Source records
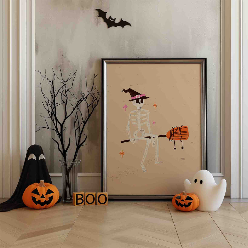 De poster toont een luchtig skelet met een heksenhoed, zittend op een bezemsteel, tegen een warme beige achtergrond met kleurrijke steraccenten. Perfect voor wie van Halloween houdt, maar ook van een knipoog in zijn interieur.
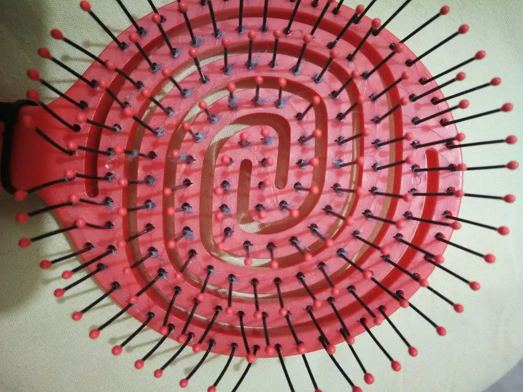 Saç fırçalarında sürekli ve kısa zamanda, her dişin dibinde böyle tüy topakları oluşuyor. Elimle tek tek temizliyorum ama her dişe dolanmış tüyleri tek tek almak çok zor, farklı bir yöntemi olan var mı? Fotoğraftaki dişlerin dibindeki gri topraklardan bahsediyorum.
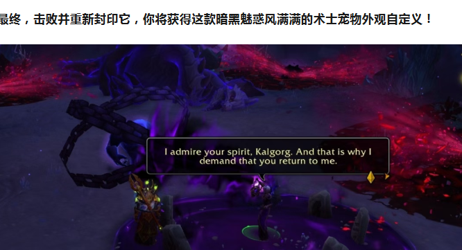 在任务中,你将与虚空精灵术士露西亚·破夜者联手,对抗她失控的虚空行者 Kalgorg。
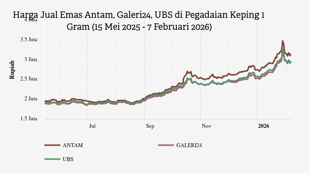 Harga Emas Hari Ini 7 Februari 2026 di Pegadaian, Antam Naik Rp41.000 per Gram -
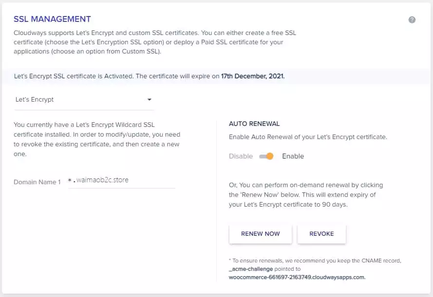 完成解析记录的添加之后,回到 Cloudways 后台安装SSL证书的页面,点击底部的 VERIFY DNS 按钮。如果解析记录添加无误的话,就会在页面右上角出现文字提示: Your domain DNS has been verified. Please continue with certificate installation. 同时,在页面中会显示 SSL certificate is Activated,表示 SSL 证书成功安装,且证书的过期日期为 2021年的12月17日。也就是说,证书有效期为3个月。不过不用担心,证书到期后会自动更新。所以,请保证证书的 AUTO RENEWAL 处于 Enable 的状态。
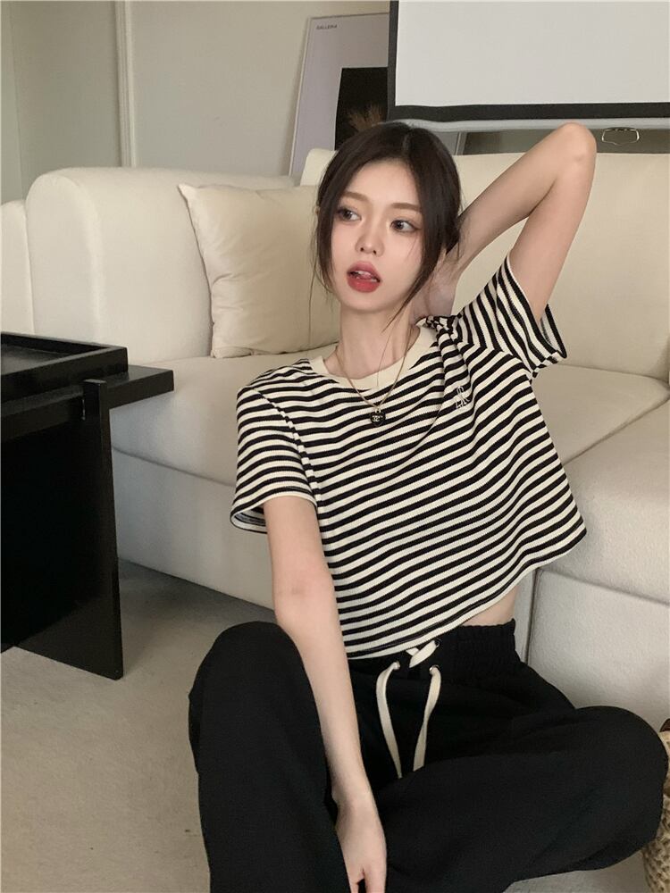ストライプショートTシャツ サマースタンダードニットトップス レトロ 夏物 s57617727834722
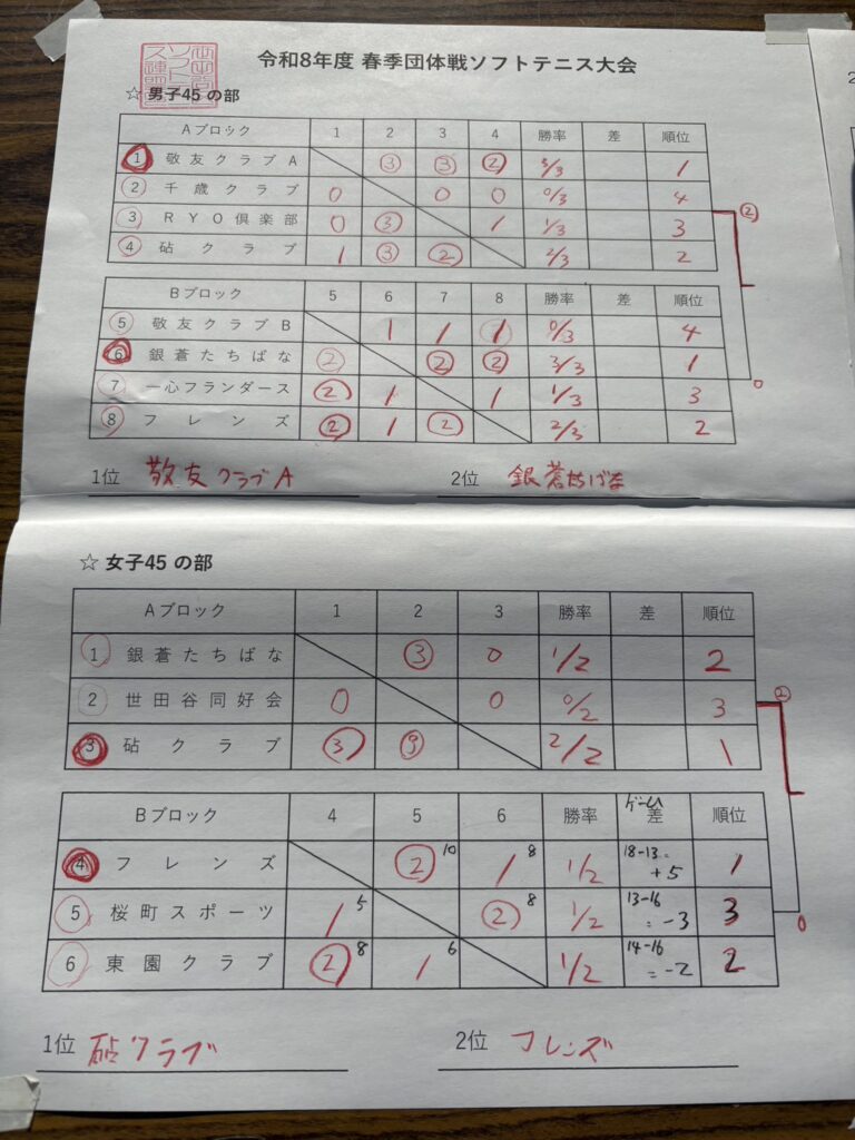 4/12(日)に世田谷区立総合運動場テニスコートにて行われました。
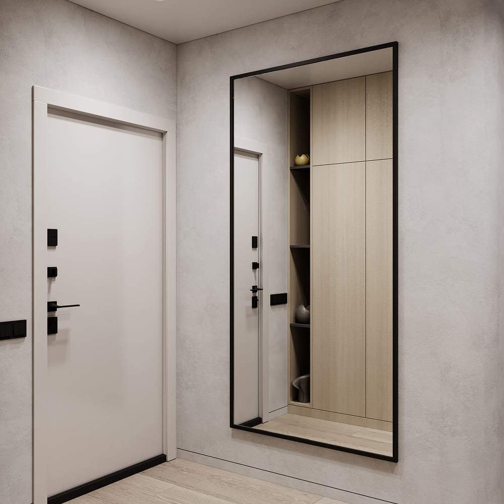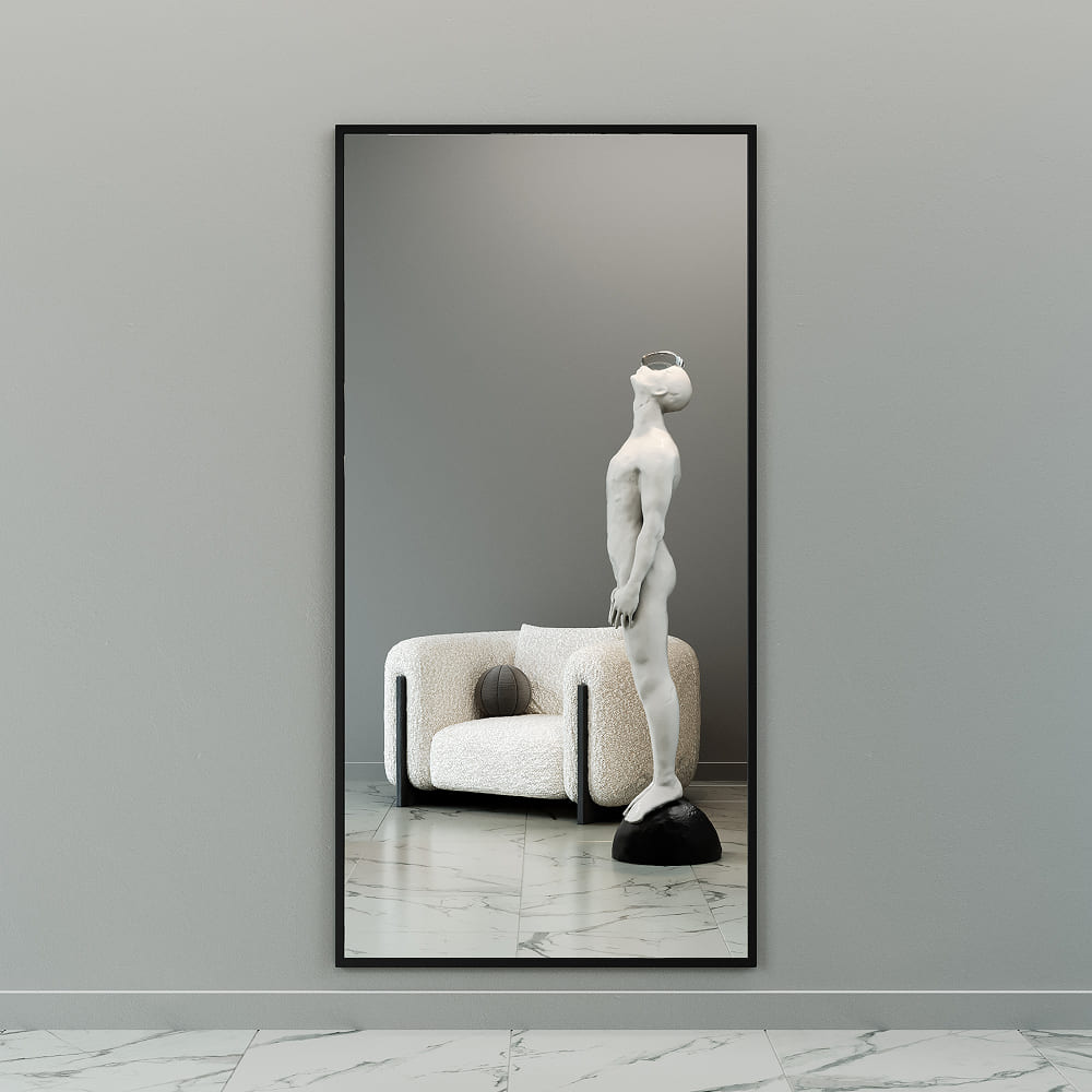 Большое прямоугольное зеркало HALFEO в тонкой металлической раме ручной работы. Зеркало в полный рост может быть как настенным, так и напольным. Производится как стандартно в тонкой раме 0.4*4 см с выступом рамы 1.5 см, так и в толстой раме 2*2 см. На тыльной стороне рамы присутствуют отверстия для монтажа на стену. Также зеркало можно просто облокотить об стену и поставить его под удобным углом наклона.
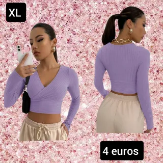 Blusa morada con detalles de lentejuelas brillantes. Es una prenda nueva, ideal para lucir un estilo llamativo. - Mangas largas. - Detalle de lentejuelas en el escote y puños. - Ajuste fruncido en la parte inferior con cordones. .Preciosa blusa morada talla XL, nueva. Es una prenda elegante y vistosa. - Tiene detalles de lentejuelas moradas en el cuello y las mangas. - El diseño es fluido y favorecedor. - Perfecta para una ocasión especial. Rebajas Precio : 6.95€ Se recoge en mano : -Madrid (a concretar día lugar y hora.)Por compras minimas. -Toledo unicamente en el Pueblo La Guardia. Hago envíos a través de Wallapop.
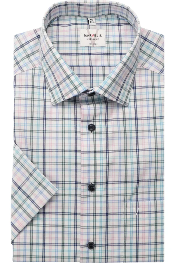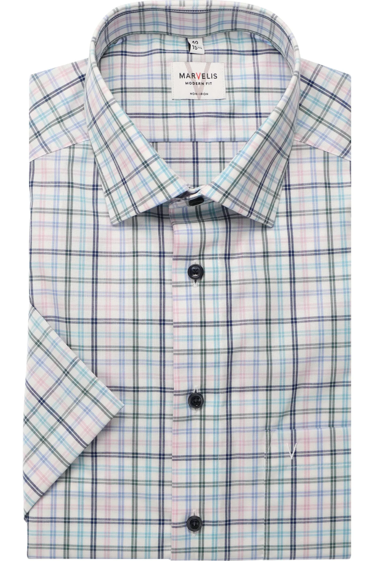- De laagste prijs van MARVELIS modern fit overhemd korte mouw popeline wit met blauw groen en roze geruit Strijkvrij Boord werd gevonden op 24 april 2026 23:35.
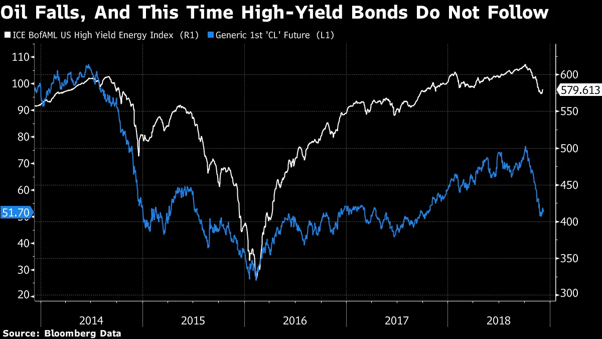 **一个不吠叫的能量狗:**在世界其他地方的兴奋中几乎被忽视,OPEC未能宣布石油供应协议,油价再次暴跌。油价下跌降低了通胀预期,并推动了我们现在在固定收益资产和股票中看到的大部分活动。但在美国,交易员们认为,上一次石油抛售的最危险的下行风险已经消除。在2014年和2015年,能源公司的高收益债券危险地下跌。这一次,反应却很温和。人们相信,许多利用页岩气繁荣的借款人现在的财务状况良好。希望这是正确的:

● Task goal: Set the pictures aside and transcribe the data above exactly.

● Task result:
 De poster toont een luchtig skelet met een heksenhoed, zittend op een bezemsteel, tegen een warme beige achtergrond met kleurrijke steraccenten. Perfect voor wie van Halloween houdt, maar ook van een knipoog in zijn interieur.
 Saç fırçalarında sürekli ve kısa zamanda, her dişin dibinde böyle tüy topakları oluşuyor. Elimle tek tek temizliyorum ama her dişe dolanmış tüyleri tek tek almak çok zor, farklı bir yöntemi olan var mı? Fotoğraftaki dişlerin dibindeki gri topraklardan bahsediyorum.
 在任务中,你将与虚空精灵术士露西亚·破夜者联手,对抗她失控的虚空行者 Kalgorg。
 Harga Emas Hari Ini 7 Februari 2026 di Pegadaian, Antam Naik Rp41.000 per Gram -
 完成解析记录的添加之后,回到 Cloudways 后台安装SSL证书的页面,点击底部的 VERIFY DNS 按钮。如果解析记录添加无误的话,就会在页面右上角出现文字提示: Your domain DNS has been verified. Please continue with certificate installation. 同时,在页面中会显示 SSL certificate is Activated,表示 SSL 证书成功安装,且证书的过期日期为 2021年的12月17日。也就是说,证书有效期为3个月。不过不用担心,证书到期后会自动更新。所以,请保证证书的 AUTO RENEWAL 处于 Enable 的状态。
ストライプショートTシャツ サマースタンダードニットトップス レトロ 夏物 s57617727834722
 4/12(日)に世田谷区立総合運動場テニスコートにて行われました。
 Большое прямоугольное зеркало HALFEO в тонкой металлической раме ручной работы. Зеркало в полный рост может быть как настенным, так и напольным. Производится как стандартно в тонкой раме 0.4*4 см с выступом рамы 1.5 см, так и в толстой раме 2*2 см. На тыльной стороне рамы присутствуют отверстия для монтажа на стену. Также зеркало можно просто облокотить об стену и поставить его под удобным углом наклона.
 Blusa morada con detalles de lentejuelas brillantes. Es una prenda nueva, ideal para lucir un estilo llamativo. - Mangas largas. - Detalle de lentejuelas en el escote y puños. - Ajuste fruncido en la parte inferior con cordones. .Preciosa blusa morada talla XL, nueva. Es una prenda elegante y vistosa. - Tiene detalles de lentejuelas moradas en el cuello y las mangas. - El diseño es fluido y favorecedor. - Perfecta para una ocasión especial. Rebajas Precio : 6.95€ Se recoge en mano : -Madrid (a concretar día lugar y hora.)Por compras minimas. -Toledo unicamente en el Pueblo La Guardia. Hago envíos a través de Wallapop.
- De laagste prijs van MARVELIS modern fit overhemd korte mouw popeline wit met blauw groen en roze geruit Strijkvrij Boord werd gevonden op 24 april 2026 23:35.
 **一个不吠叫的能量狗:**在世界其他地方的兴奋中几乎被忽视,OPEC未能宣布石油供应协议,油价再次暴跌。油价下跌降低了通胀预期,并推动了我们现在在固定收益资产和股票中看到的大部分活动。但在美国,交易员们认为,上一次石油抛售的最危险的下行风险已经消除。在2014年和2015年,能源公司的高收益债券危险地下跌。这一次,反应却很温和。人们相信,许多利用页岩气繁荣的借款人现在的财务状况良好。希望这是正确的:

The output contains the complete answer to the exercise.